The first trailer for the final Peter Jackson movie set in Middle Earth has been released, and it seems The Hobbit; The Battle of the Five Armies will be a three hour battle scene between small dots representing orcs and small dots representing elves. Along the way Lee Pace, Richard Armitage, Martin Freeman, Luke Evans, Orlando Bloom and many other hot hot guys will glower and look sad while getting shouty about who gets to battle where.

I’m there.


This trailer significantly DOWNPLAYS the whole White Council storyline, in which Galadriel, Gandalf, Saruman and some buds go to Dol Guldur and mix it up with Sauron in an early form known as The Necromancer. This is pretty much the money shot of the whole, endless, Dwarf-farting, Elf-singing, people of Laketown-cowering, Thorin-squabbling, Kili-flirting trilogy. Also downplayed….SMAUG.

The final episode of The Hobbit totes has the best scenes, what with the arrows and the burning and the fighting and the casting out and all that.
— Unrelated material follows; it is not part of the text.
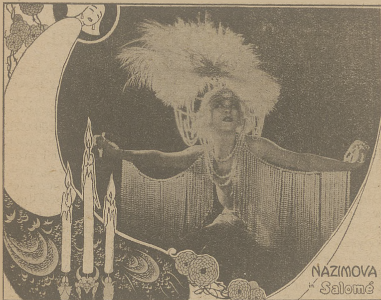
Nazimowa w filmie „Ślub miłości i śmierci” (Salome)

— Scenariusz do filmu „Podróż do Tylzytu” według powieści Sudermana opracowany został przez Karola Meyera. Będzie to pierwszy film F. W. Murnaua dla Fox-Filmu. Zdjęcia rozpoczęto.

But it’s been such a loooong journey here…

A’i na vedui, Dúnadan!

The Hobbit; The Battle of Five Armies opens on December 17th, 2014.


  1. I just won’t be seeing this one.

    Peter Jackson took a fish out of water story and turned it into a story about everything BUT the fish. The heart and soul of the original tale, Bilbo, has become just another piece of dressing in a tedious story about dwarves whose personalities are evident solely through their clothing and hairstyle choices.

    I’ll just rewatch the animated version, which at least was about a Hobbit.

  2. You’d think that with all his millions Peter Jackson could afford to rent more colours than only teal and orange!…

  3. I do plan on seeing this through to the end, but they’ve just tried to put too much into this trilogy. I don’t know how much of it is the studio wanting to get one more movie’s worth of audience receipts and how much is the filmmakers wanting to take advantage of their last chance to film Middle Earth.

    I suspect this trilogy would have made one kick-ass duology (including the White Council story) or a fun single movie (sticking to the book). There’s good material in there, but not enough to support three long movies’ worth of runtime.

  4. Be careful, Heidi, the Peter Jackson fanboys will blast you for not taking this movie with grave seriousness.

    I have no interest in seeing this. And I hear that INTERSTELLAR isn’t that great, either.